Jane Addams Facts

Jane Addams Facts
Jane Addams was an American woman who is most well-known for her work helping the poor, women's suffrage, world peace, and for winning a Nobel Peace Prize. She was born Laura Jane Addams on September 6th, 1860, In Cedarville, Illinois, to John H. Addams, a businessman and state senator, and Sarah Weber Addams.

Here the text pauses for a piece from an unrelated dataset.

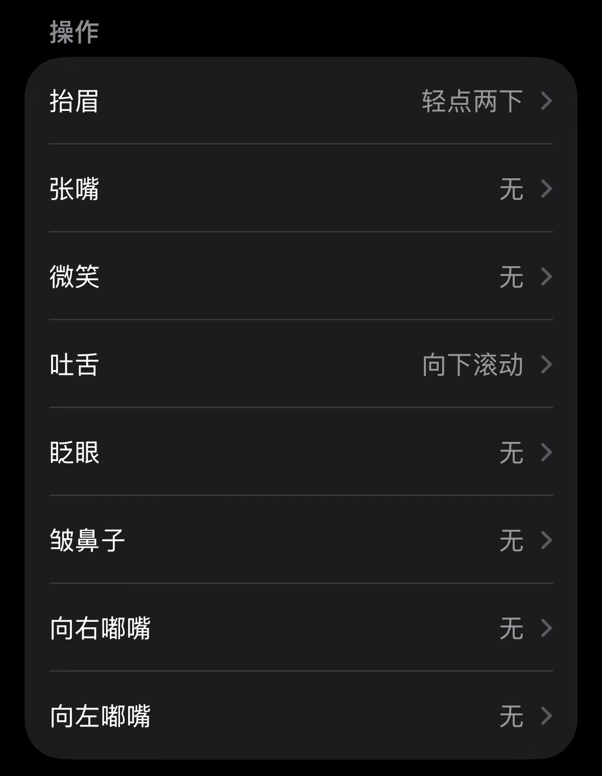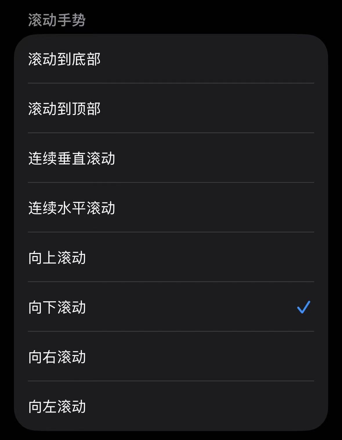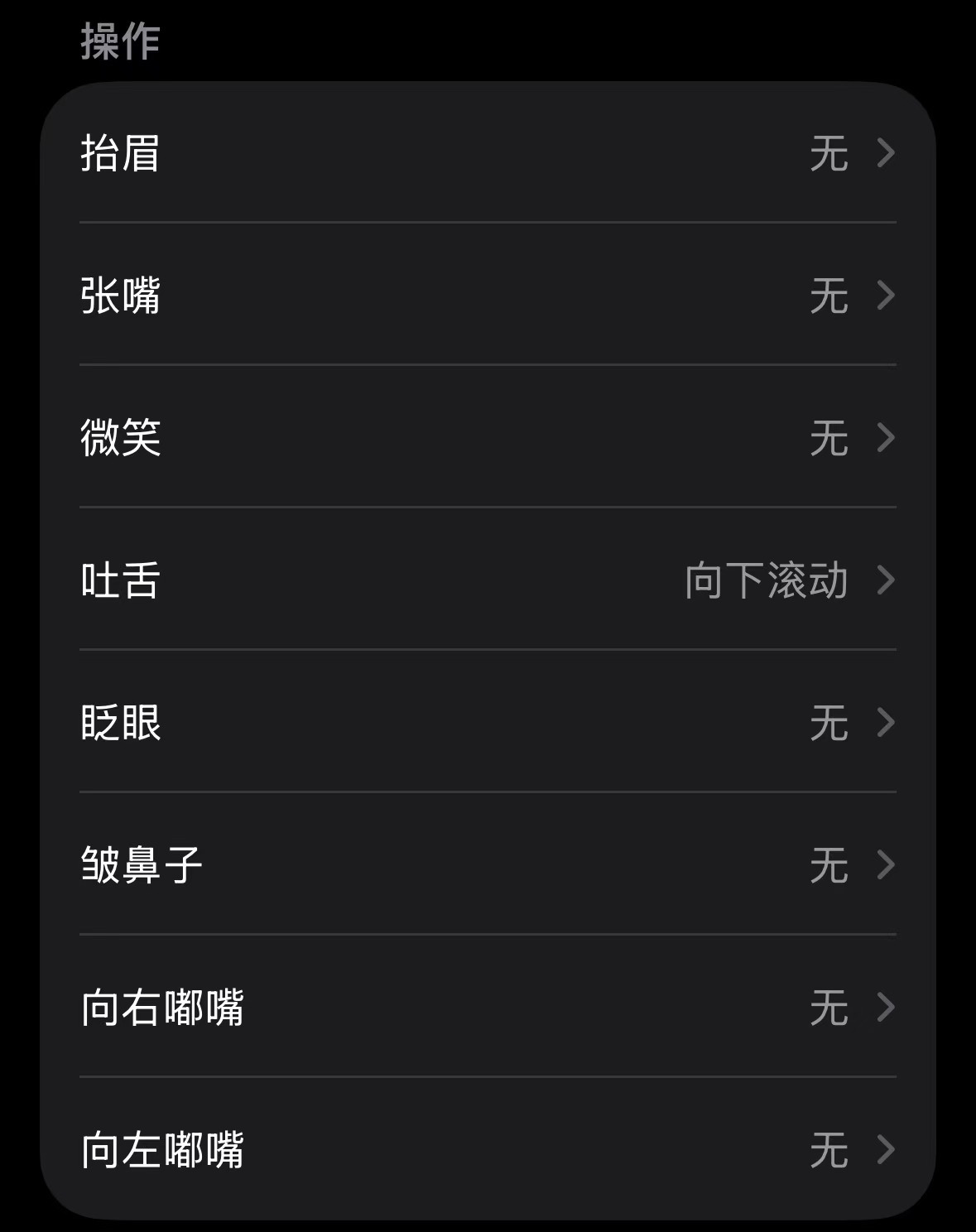 ⑤进入【吐舌】后,一直往下滑,找到“滚动手势”下的【向下滚动】(下图打勾那个)

Jane's mother died when she was two, and Jane was the youngest of eight children. Abraham Lincoln was a friend of Jane's father, and she grew up well educated and fairly wealthy. She graduated in 1881 from the Seminary and attended medical school for a brief period, before discovering her passion for helping the less fortunate.

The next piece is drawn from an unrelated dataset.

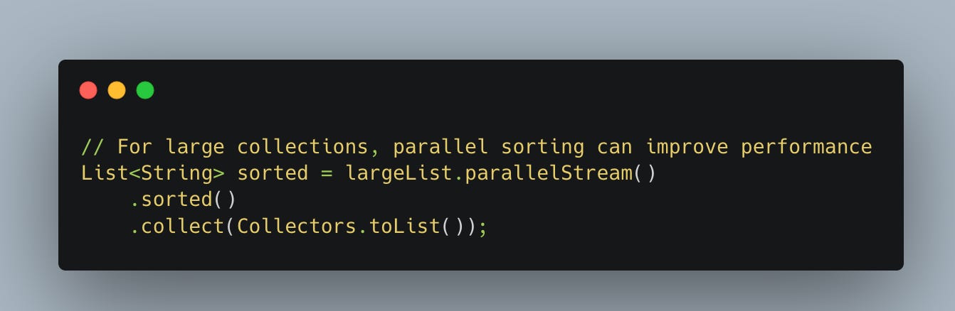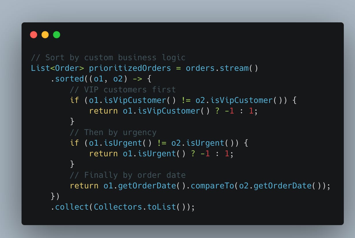 For complex sorting requirements or when we need to chain sorting with other operations, streams provide powerful and readable solutions.

Interesting Jane Addams Facts:
Jane Addams rejected the idea of getting married and having children in order to spend her life working for social reform, peace, and settlement work.
Jane Addams read an article in 1887 in a magazine about the first settlement house in the world - Toynbee House in London.
Jane Addams visited Toynbee House while on vacation in Europe. This inspired her to open a settlement house in Chicago in 1889 called Hull House.
Jane Addams founded Hull House with a college friend named Ellen Gates Starr.
The Hull House was a run-down mansion and Jane used her own money to pay for many capital costs in the beginning. As time went on more donors helped with the settlement house, enabling it to expand its services.
The Hull House provided services to the poor people and immigrants in Chicago's region.
Jane Addams and Ellen Starr were the first two residents of Hull House. Eventually 25 women lived there and when operating at its peak there were approximately 2000 people visiting Hull House every week.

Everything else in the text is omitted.